Just because there is a threat doesn’t mean it will have an impact on you.

For example, an organization in Florida and an organization in New York technically could both be hit by a hurricane. However, the likelihood of a hurricane hitting Florida is a lot higher than New York. So, the Florida-based organization’s tornado risk level will be a lot higher than the New York-based organization.

Determine the Potential Impact of Threat Occurrence

What effect would a particular risk you are analyzing have on your organization?

For example, while a patient in the waiting room might accidentally see PHI on a computer screen, it more than likely won’t have nearly the impact that a hacker attacking your unsecured Wi-Fi and stealing all your patient data would.

By using either qualitative or quantitative methods, you will need to assess the maximum impact of a data threat to your organization.

Determine the Level of Risk

Risks are the probability that a particular threat will exercise a particular vulnerabilit and the resulting impact on your organization.

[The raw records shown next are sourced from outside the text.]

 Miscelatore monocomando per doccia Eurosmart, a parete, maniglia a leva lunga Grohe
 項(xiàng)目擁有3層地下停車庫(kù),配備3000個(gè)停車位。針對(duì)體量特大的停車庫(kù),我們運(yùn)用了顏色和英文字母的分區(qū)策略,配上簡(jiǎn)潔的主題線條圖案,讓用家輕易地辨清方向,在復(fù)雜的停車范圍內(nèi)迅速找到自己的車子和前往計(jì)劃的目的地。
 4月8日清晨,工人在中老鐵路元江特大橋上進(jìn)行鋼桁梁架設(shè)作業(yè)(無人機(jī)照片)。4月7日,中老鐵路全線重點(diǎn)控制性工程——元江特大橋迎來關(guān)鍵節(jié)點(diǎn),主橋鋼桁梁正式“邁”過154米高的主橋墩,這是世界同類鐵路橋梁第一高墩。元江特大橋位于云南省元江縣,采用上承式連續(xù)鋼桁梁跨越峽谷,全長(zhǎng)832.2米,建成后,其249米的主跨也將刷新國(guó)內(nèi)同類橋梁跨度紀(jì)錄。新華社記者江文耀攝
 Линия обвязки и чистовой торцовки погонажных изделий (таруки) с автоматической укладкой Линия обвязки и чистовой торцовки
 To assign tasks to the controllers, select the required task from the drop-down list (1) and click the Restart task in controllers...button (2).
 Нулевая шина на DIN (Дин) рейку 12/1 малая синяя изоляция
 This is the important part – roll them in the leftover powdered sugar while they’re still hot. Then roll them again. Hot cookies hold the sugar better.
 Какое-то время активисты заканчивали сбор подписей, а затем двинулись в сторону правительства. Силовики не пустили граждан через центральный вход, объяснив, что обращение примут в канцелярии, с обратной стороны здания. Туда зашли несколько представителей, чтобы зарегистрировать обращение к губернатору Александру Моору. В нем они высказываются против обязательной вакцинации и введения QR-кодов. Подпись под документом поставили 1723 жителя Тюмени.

According to the HHS, “risk is not a single factor or event, but rather it is a combination of factors or events (threats and vulnerabilities) that, if they occur, may have an adverse impact on the organization.”

So let’s break down the whole vulnerability, threat and risk connection. Here’s an example:

Let’s say that your system allows weak passwords. The vulnerability is the fact that a weak password is vulnerable to attack. The threat then is that a hacker could easily crack that weak password and break into the system. The risk would be the unprotected PHI in your system.

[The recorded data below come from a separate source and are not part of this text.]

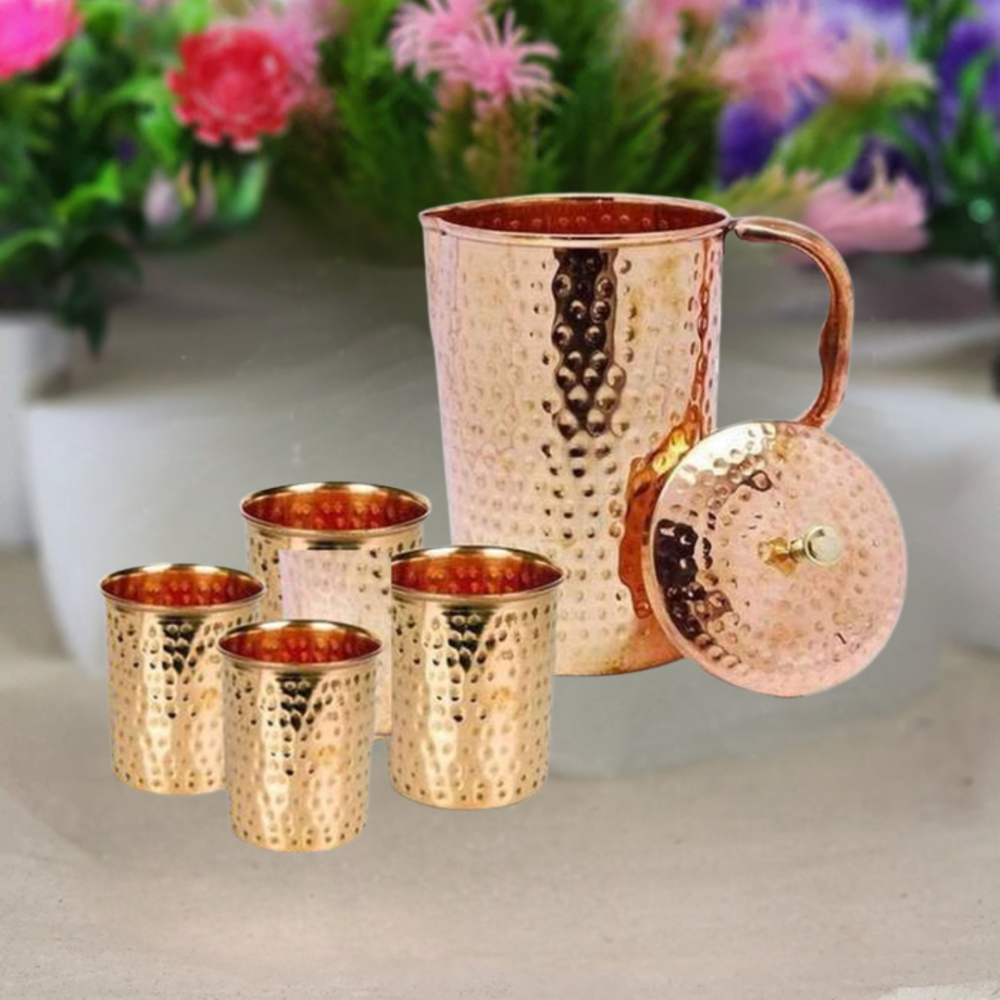 Elevate your dining experience with our exquisite Copper Hammered Jug with Glass Set. Handcrafted by skilled artisans, this set embodies a perfect blend of tradition and functionality. The jug and glasses are meticulously hammered to create a mesmerizing textured finish that not only enhances their aesthetic appeal but also ensures durability. Copper has been cherished for centuries for its natural cooling properties and health benefits, including boosting immunity and improving digestion. This elegant set is ideal for serving refreshing beverages while adding a vintage charm to your table. Whether you’re hosting a grand dinner party or enjoying a simple meal, this set brings a touch of heritage and sophistication to every sip.
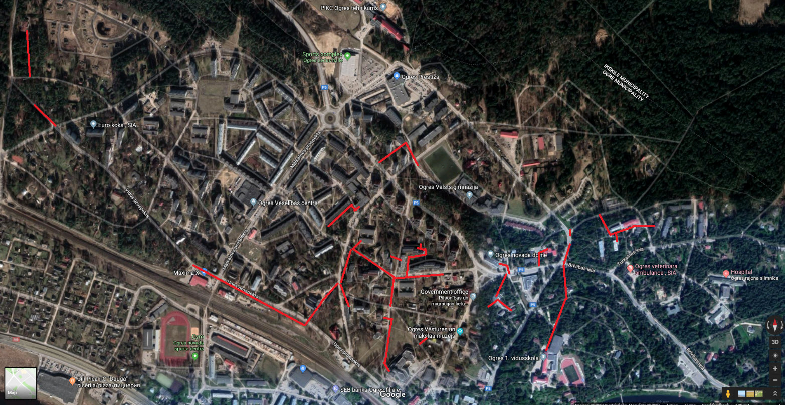 Pielikumā aptuvens plānoto nomaināmo siltumtīklu izvietojums - ekrānšāviņš no google.maps.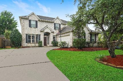 Stunning all brick one story backing to a private greenbelt, wrought iron fence and an enlarged covered patio. This home boasts of wide plank hardwood floors in family room, dining, one bedroom and hallway, soaring ceilings, crown molding, walls of windows, gas fireplace, 3 car tandem garage, split plan, alarm, sprinkler and more. The island kitchen has stainless appliances, natural 42 inch cabinets, quartz countertops, tile backsplash, breakfast bar, expansive cabinets, and opens to the breakfast and family rooms. The primary bedroom has a sitting room, vaulted ceiling, huge walk in closet, and bath with jetted tub, separate shower, double sinks, vanity and is light and bright. The split plan with generously sized rooms is great. This well maintained home has a one year old roof. Windrose is a master planned community with golf course, golf clubhouse, 2 pools, lighted tennis courts, pickle ball courts, trails, lake, and parks scattered throughout.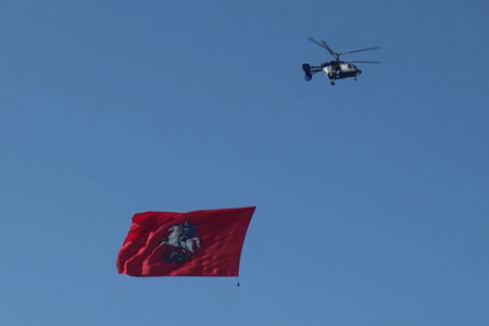オープニングでーす。旗をたなびかせ、かわいいヘリがやってきました。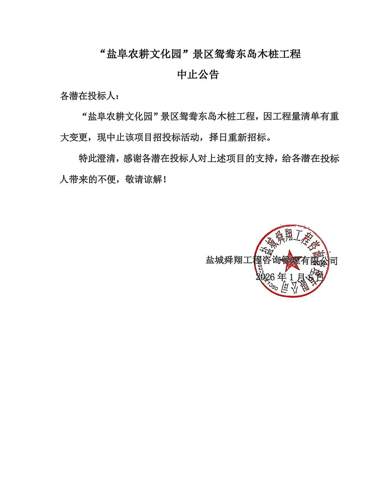 "盐阜农耕文化园"景区鸳鸯东岛木桩工程中止公告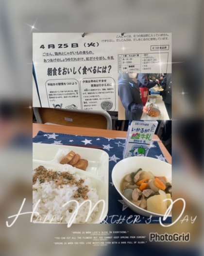 ごはん、鶏肉とじゃがいもの煮もの、厚あげのしょうゆだれかけ、紅ざけそぼろ、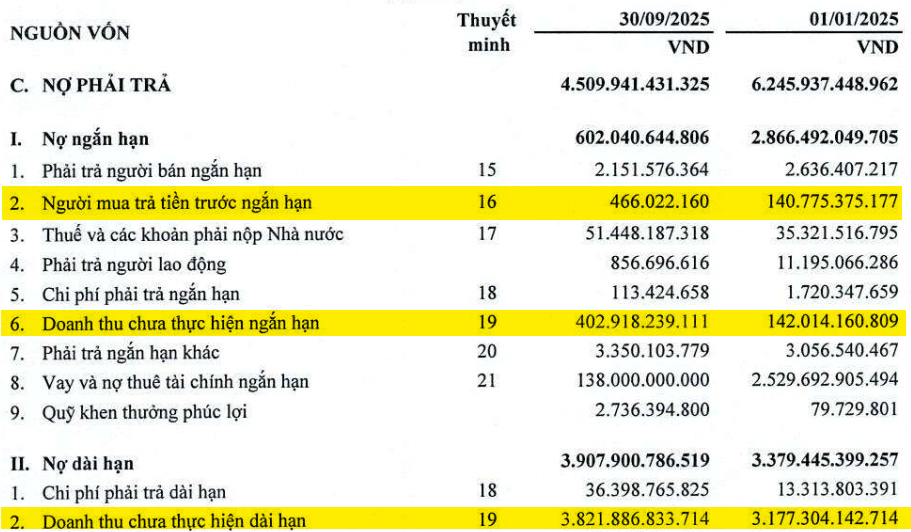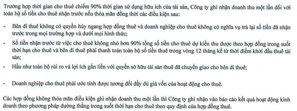 Doanh thu chưa thực hiện dài hạn: 114 tỷ đồng (sẽ ghi nhận dần trong các năm tiếp theo cho đến hết thời hạn thuê vào Quý 3/2064).

All risks should be assigned a level and accompanied by a list of corrective actions that would be performed to mitigate risk.

Finalize Documentation

Armed with the prioritized list of all your security problems, it’s time to start mitigating them. Starting with the top-ranked risks first, identify the security measure that fixes those issues.

Write everything up in an organized document. There is no specific format required, but the HHS does require the analysis in writing.

Technically, once you’ve documented all the steps you’ll take, you’re done with the risk analysis.

Periodic Review and Updates to the Risk Assessment

It’s important to remember that the risk analysis process is never truly done since it’s ongoing.

One requirement includes conducting a risk analysis on a regular basis. And while the Security Rule doesn’t set a required timeline, you’ll want to conduct another risk analysis whenever your company implements or plans to adopt new technology or business operations.

The bottom line is – a risk analysis is foundational to your security. You simply can’t be HIPAA compliant without one. If you have any tips you’d like to share, we’re all ears.